Run through the records and, wherever a line holds the word "first", return that line.

──────── RECORDS TO PROCESS ────────

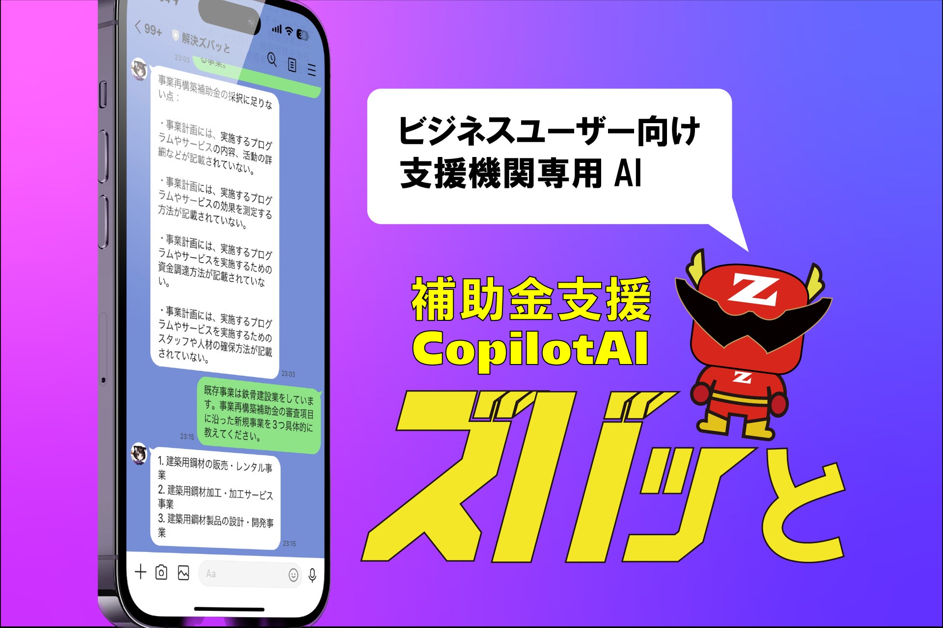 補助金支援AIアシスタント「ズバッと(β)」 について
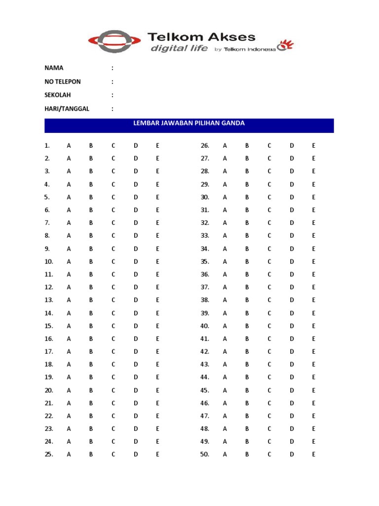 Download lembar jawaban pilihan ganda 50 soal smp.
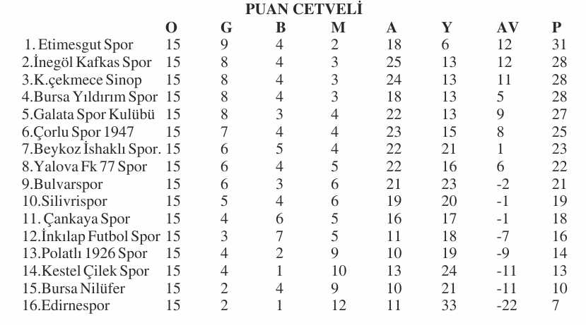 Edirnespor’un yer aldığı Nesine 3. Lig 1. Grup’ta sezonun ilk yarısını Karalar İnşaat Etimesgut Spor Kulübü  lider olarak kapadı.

────────
──────── RECORDS TO PROCESS ────────

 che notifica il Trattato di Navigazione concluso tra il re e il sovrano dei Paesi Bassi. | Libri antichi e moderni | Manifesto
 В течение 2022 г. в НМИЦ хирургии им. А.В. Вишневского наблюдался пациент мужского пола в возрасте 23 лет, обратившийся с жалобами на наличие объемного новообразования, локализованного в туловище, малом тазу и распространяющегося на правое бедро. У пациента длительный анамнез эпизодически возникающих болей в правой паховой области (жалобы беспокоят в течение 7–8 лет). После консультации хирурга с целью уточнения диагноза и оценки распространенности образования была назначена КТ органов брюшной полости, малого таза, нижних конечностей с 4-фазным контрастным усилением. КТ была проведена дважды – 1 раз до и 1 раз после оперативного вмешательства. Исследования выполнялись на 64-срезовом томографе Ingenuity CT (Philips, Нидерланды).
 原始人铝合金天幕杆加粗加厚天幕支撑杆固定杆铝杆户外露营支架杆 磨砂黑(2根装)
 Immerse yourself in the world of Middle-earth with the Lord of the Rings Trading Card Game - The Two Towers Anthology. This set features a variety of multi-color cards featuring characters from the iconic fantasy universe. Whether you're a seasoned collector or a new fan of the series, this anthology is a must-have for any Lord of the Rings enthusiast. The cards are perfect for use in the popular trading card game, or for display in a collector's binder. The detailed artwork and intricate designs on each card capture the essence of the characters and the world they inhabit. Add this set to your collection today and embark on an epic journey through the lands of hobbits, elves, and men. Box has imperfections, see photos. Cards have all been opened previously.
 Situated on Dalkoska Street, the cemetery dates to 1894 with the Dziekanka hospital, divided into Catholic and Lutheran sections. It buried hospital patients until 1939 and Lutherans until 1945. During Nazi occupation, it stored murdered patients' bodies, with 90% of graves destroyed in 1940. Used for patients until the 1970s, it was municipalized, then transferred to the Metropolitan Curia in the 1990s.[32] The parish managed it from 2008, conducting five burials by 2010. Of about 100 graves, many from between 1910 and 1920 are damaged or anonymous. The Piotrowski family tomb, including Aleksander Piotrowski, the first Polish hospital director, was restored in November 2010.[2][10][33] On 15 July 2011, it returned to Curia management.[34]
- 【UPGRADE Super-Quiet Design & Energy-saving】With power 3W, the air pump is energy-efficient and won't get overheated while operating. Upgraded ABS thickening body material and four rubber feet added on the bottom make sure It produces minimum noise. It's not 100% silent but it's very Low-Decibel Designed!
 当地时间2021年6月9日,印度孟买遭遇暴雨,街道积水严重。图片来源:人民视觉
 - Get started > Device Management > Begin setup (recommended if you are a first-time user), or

────────

ANSWER:
 Situated on Dalkoska Street, the cemetery dates to 1894 with the Dziekanka hospital, divided into Catholic and Lutheran sections. It buried hospital patients until 1939 and Lutherans until 1945. During Nazi occupation, it stored murdered patients' bodies, with 90% of graves destroyed in 1940. Used for patients until the 1970s, it was municipalized, then transferred to the Metropolitan Curia in the 1990s.[32] The parish managed it from 2008, conducting five burials by 2010. Of about 100 graves, many from between 1910 and 1920 are damaged or anonymous. The Piotrowski family tomb, including Aleksander Piotrowski, the first Polish hospital director, was restored in November 2010.[2][10][33] On 15 July 2011, it returned to Curia management.[34]
 - Get started > Device Management > Begin setup (recommended if you are a first-time user), or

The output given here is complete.